AE 15: Introduction to Multilevel Models

Published

November 28, 2022

Important

Go to the course GitHub organization and locate your ae-15- to get started.

The AE is due on GitHub by Thursday, December 01, 11:59pm.

Important

The AE is due on GitHub by Thursday, December 01, 11:59pm.

library(tidyverse)
library(tidymodels)
library(knitr)
library(patchwork)
music <- read_csv("data/musicdata.csv") |>
  mutate(orchestra = if_else(instrument == "orchestral instrument", 1, 0), 
         large_ensemble = if_else(perform_type == "Large Ensemble", 1, 0))

Part 1: Univariate EDA

  1. Plot the distribution of the response variable negative affect (na) using individual observations.
ggplot(data  = music, aes(x = na)) + 
  geom_histogram(fill = "steelblue", color = "black", binwidth = 2) + 
  labs(x = "Individual scores", 
       title ="Distribution of Negative Affect Score")
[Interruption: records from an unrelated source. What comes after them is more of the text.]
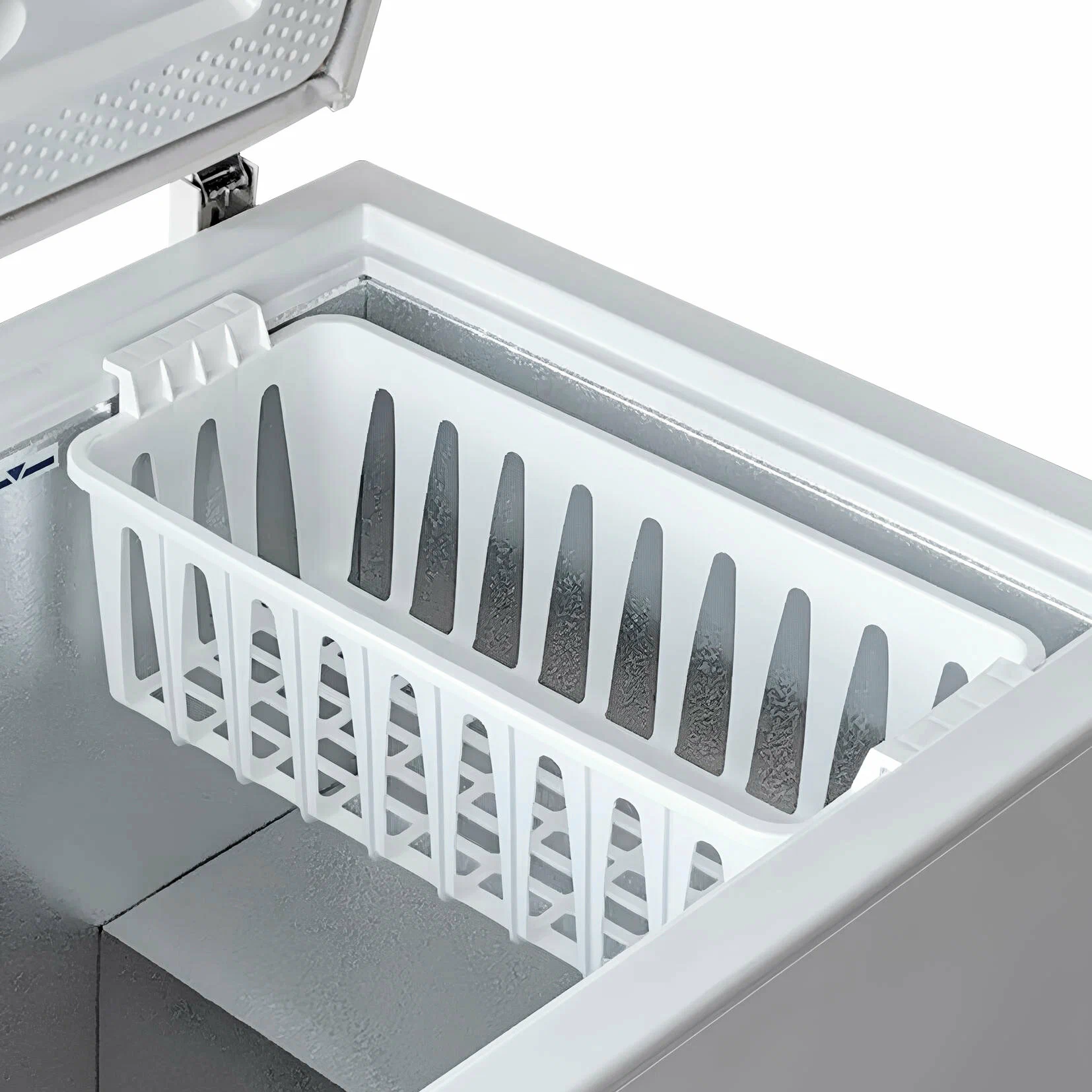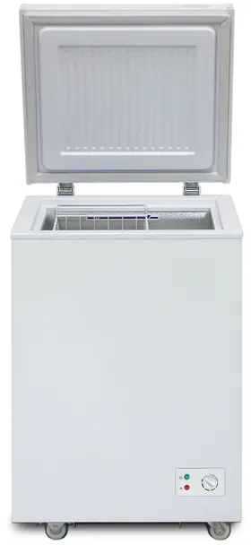 Морозильный ларь Бирюса 100KX оснащен световым индикатором включения и поворотным переключателем, предназначенным для настройки параметров устройства. Модель оборудована системой сигнализации, которая оповещает пользователя о нежелательном повышении температуры внутри камеры. Корзина морозильного ларя произведена из качественного металлического сплава. Прочный материал способен выдерживать перепады температуры без риска деформации и излома, что продлевает период эксплуатации устройства. Модель функционирует с использованием экологичного хладагента R600a.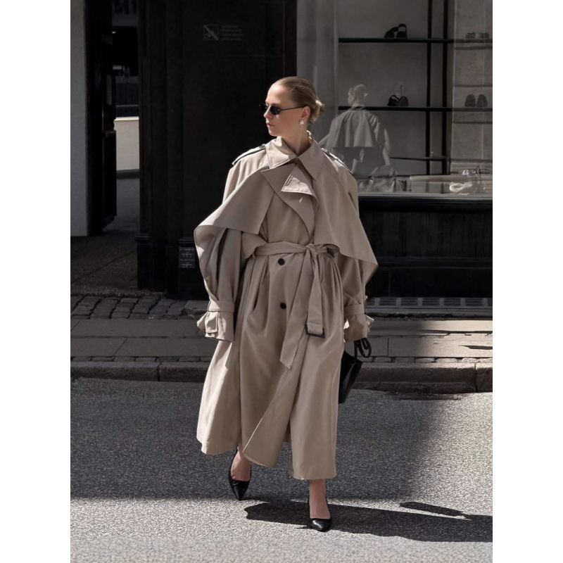 実物写真-カーキ色のロング丈ベルト付きゆったりケープ風コート2025年新作イギリス風クロスボーダーレディースウェア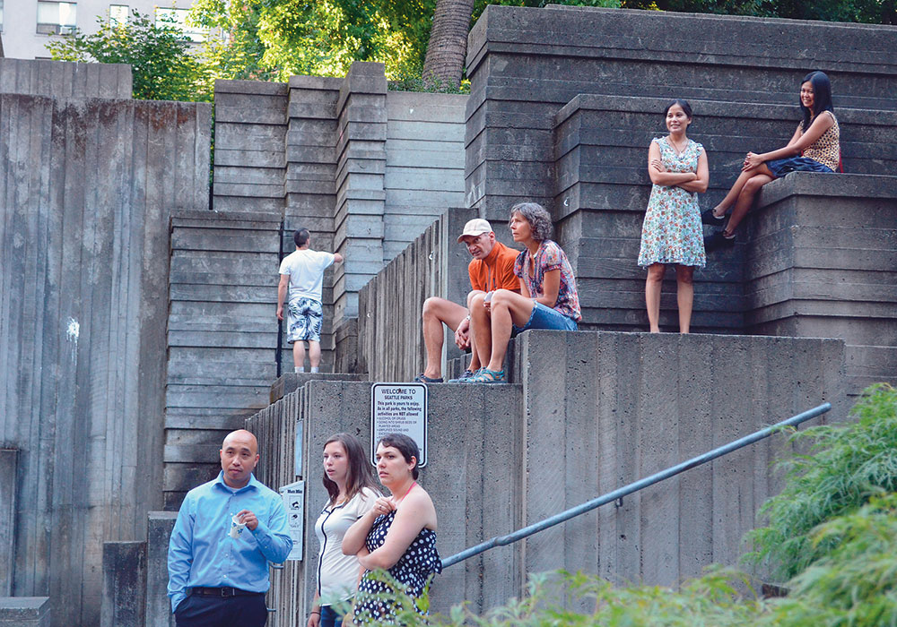Seattle's five-acre Freeway Park opened in 1976 and inspired other cities to build their own deck parks. Photo courtesy Freeway Park Association.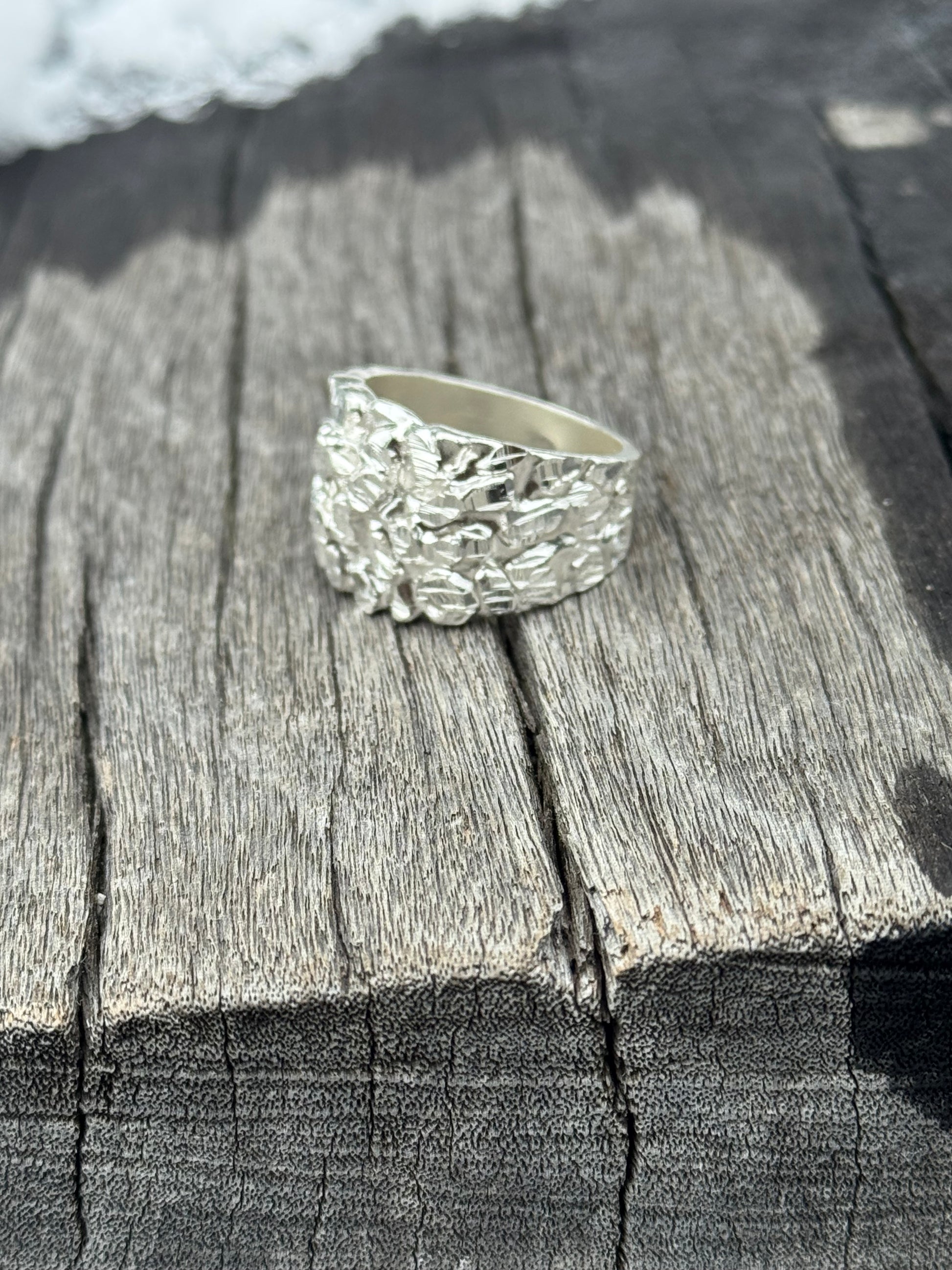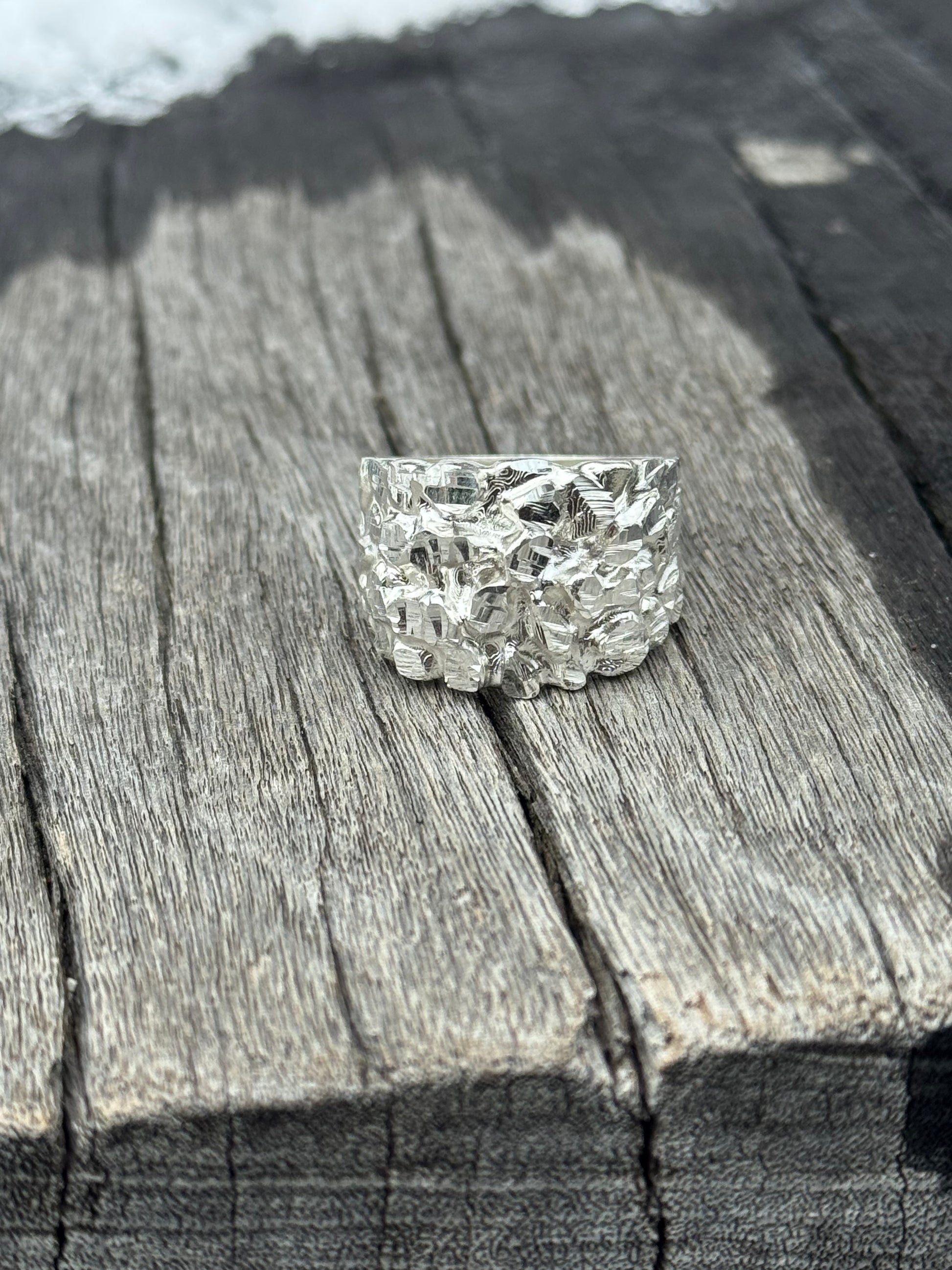 Make a strong statement with this classic nugget-style ring crafted from solid 925 sterling silver. Its bold design captures light beautifully, giving off a confident shine that never goes out of style. Perfect for everyday wear or as a standout piece in your collection.

  1. Plot the distribution of the response variable using an aggregated value (or single observation) for each Level Two observation (musician).
music |>
  group_by(id) |>
  summarise(mean_na = mean(na)) |>
  ungroup() |>
  ggplot(aes(x = mean_na)) + 
  geom_histogram(fill = "steelblue", color = "black", binwidth = 2) + 
  labs(x = "Mean scores", 
       title = "Distribution of Mean Negative Affect Scores",
       subtitle = "By Musician")

  1. How do the plots compare? How do they differ?

  2. What are some advantages of each plot? What are some disadvantages?

Part 2: Bivariate EDA

  1. Make a single scatterplot of the negative affect versus number of previous performances (previous) using the individual observations. Use geom_smooth() to add a linear regression line to the plot.
# Add code
  1. Make a separate scatterplot of the negative affect versus number of previous performances (previous) faceted by musician (id). Use geom_smooth() to add a linear regression line to each plot.
# Add code
  1. How do the plots compare? How do they differ?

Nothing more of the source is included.